La proposta di regolamento modifica, tra gli altri, il GDPR (Reg. (UE) 2016/679), il Regolamento (UE) 2018/1725 sulla protezione dei dati nelle istituzioni UE, il Data Act (Reg. (UE) 2023/2854) e la direttiva e-privacy 2002/58/CE, abrogando al contempo vari atti ritenuti obsoleti o caratterizzati da sovrapposizioni normative.
La proposta si inserisce nell’agenda di “attuazione e semplificazione”, con l’obiettivo di ridurre la complessità e gli oneri amministrativi, sostenere la competitività e l’innovazione senza compromettere gli standard elevati e gli obiettivi strategici dell’UE.
Il pacchetto omnibus digitale è presentato come “primo passo” di un processo più ampio di ottimizzazione dell’acquis digitale, attraverso modifiche qualificate come “tecniche” e “immediate”, finalizzate a ridurre gli oneri per imprese, pubbliche amministrazioni e cittadini, mantenendo invariati gli obiettivi sottostanti e preservando “lo stesso livello di tutela dei diritti fondamentali”.
Uno dei punti più importanti della proposta è valorizzare l’uso dei dati – anche per sostenere lo sviluppo e l’utilizzo dell’intelligenza artificiale – accompagnato da modifiche mirate in materia di protezione dei dati.
Indice degli argomenti:
Nozione di dato personale e base giuridica per l’intelligenza artificiale.
Una delle esigenze più sentite, all’indomani dell’approvazione dell’AI Act e della “democratizzazione” dell’intelligenza artificiale con la diffusione dell’AI generativa, è stata quella di coordinare l’esigenza di incentivare lo sviluppo tecnologico con quella di assicurare una elevata protezione dei dati personali e dei diritti fondamentali ad essa sottesi.
In particolare, due aspetti fondamentali rischiano di creare incertezze normative o addirittura ostacoli per lo sviluppo di strumenti di intelligenza artificiale.
Il primo è l’esigenza di una maggiore chiarezza sulle nozioni di dato personale, anonimo e pseudonimo (concetti che sono alla base di molti interventi normativi nati con l’obiettivo di favorire una maggiore circolazione dei dati, come il Data Governance Act, il Data Act o il Regolamento che istituisce lo European Health Data Space).
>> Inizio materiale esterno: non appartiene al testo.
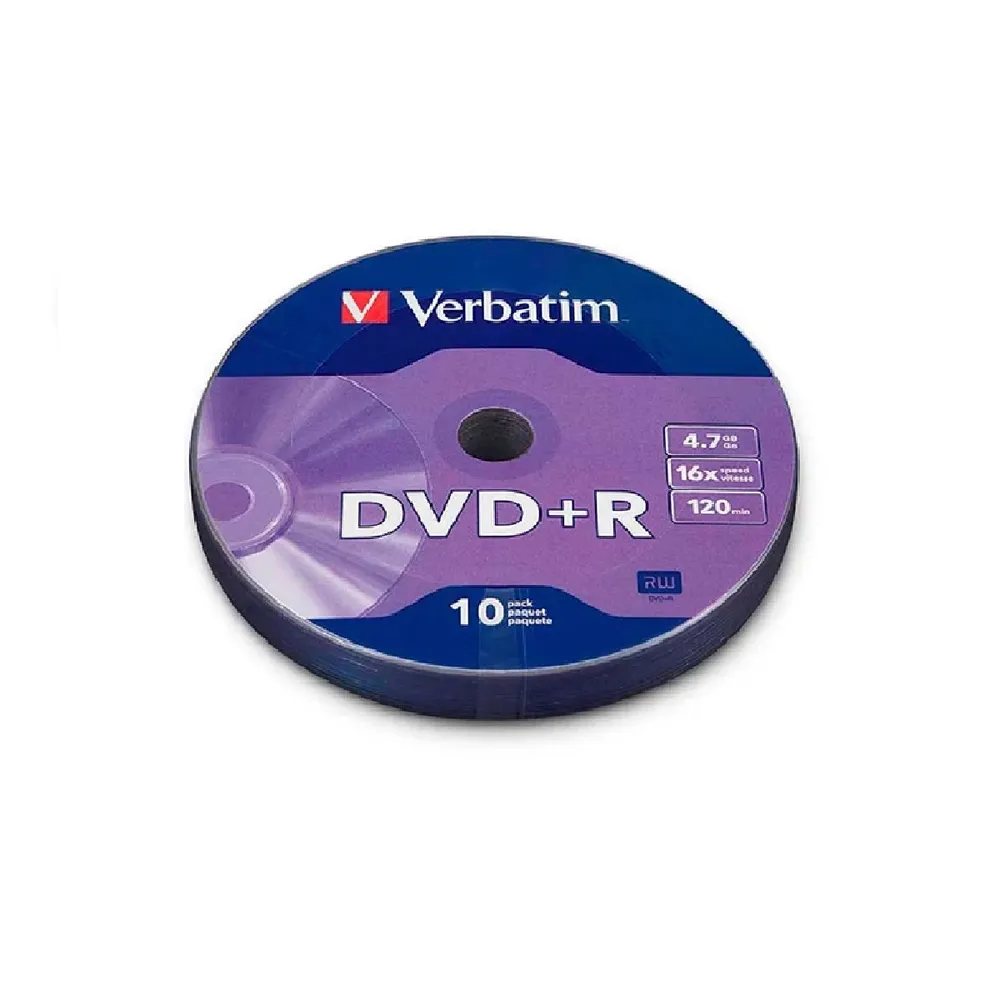 DVD+R Verbatim | 4.7GB | 16X | 120Min | 10 piezas | Alta Calidad

Senza un chiarimento non solo interpretativo ma anche normativo a riguardo, il rischio è quello di limitare la possibilità di usi secondari, che sono alla base dello sviluppo di sistemi di intelligenza artificiale.
Il secondo è rappresentato dall’esigenza di chiarire la base giuridica del trattamento, cercando di superare l’impostazione consenso-centrica che mal si concilia con gli usi possibili in questo settore. I
Il Digital Omnibus interviene proprio su questi due aspetti (tra gli altri).
La nozione di dato personale
La proposta chiarisce la definizione di dato personale (art. 4 GDPR) affermando che le informazioni non sono dati personali “per una determinata entità” quando non contengono elementi ragionevolmente utilizzabili da tale entità per identificare la persona fisica cui si riferiscono. In altre parole, le informazioni non diventano personali per un soggetto solo perché un destinatario successivo potrebbe avere mezzi ragionevoli per identificare l’interessato.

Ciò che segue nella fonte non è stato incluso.